The regime’s fourth mechanised division, a unit close to Iran and the chief subject of residents’ complaints, also withdrew from the city as the siege was lifted.
The spokesperson for the negotiating committee, Adnan al-Musalameh, congratulated the residents of Daraa Al-Balad for the deal on Thursday, praising them for “standing firm,” and for their “victory”- presumably over regime forces.
Though the negotiating committee did not achieve all of the points it wanted—namely, no checkpoints within Daraa Al-Balad—the final agreement was considerably more measured than most residents were expecting.

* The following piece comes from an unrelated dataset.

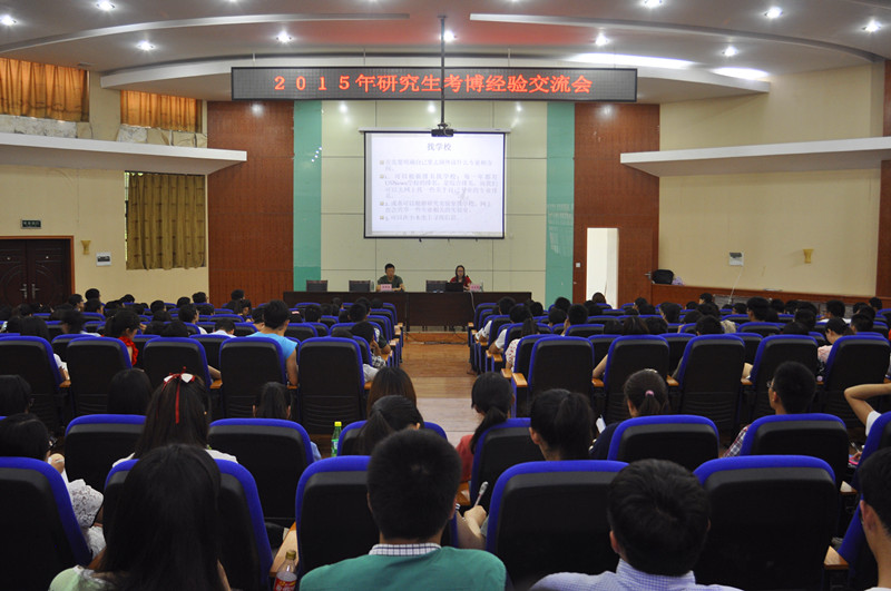 为鼓励硕士毕业研究生考取博士,帮助更多的研究生了解考博相关内容。6月2日下午,我校2015年硕士研究生考博经验交流会在学术报告厅举行,近300名硕士研究生参加了本次交流会。

“It’s definitely a victory. Our weapons are still with us and we’re still here in our city,” Abu Abdo Musalemo, a resident of Daraa Al-Balad whose refusal to be displaced to northwest Syria allegedly led to the collapse of a previous deal with the regime, told The New Arab.
“It doesn’t look like a victory in the media, but what did the regime gain? A few checkpoints, which we could get rid of in a day,” Musalemo said.
Al-Askara also considered the deal a victory, pointing out that even though residents handed over some weapons - a chief sticking point in previous negotiations - those arms that were surrendered were “practically broken.”
“The [regime’s] army entered the city and did a photoshoot, and then left. In the end, all we wanted is the bombing to stop and blood to stop being spilled,” he said.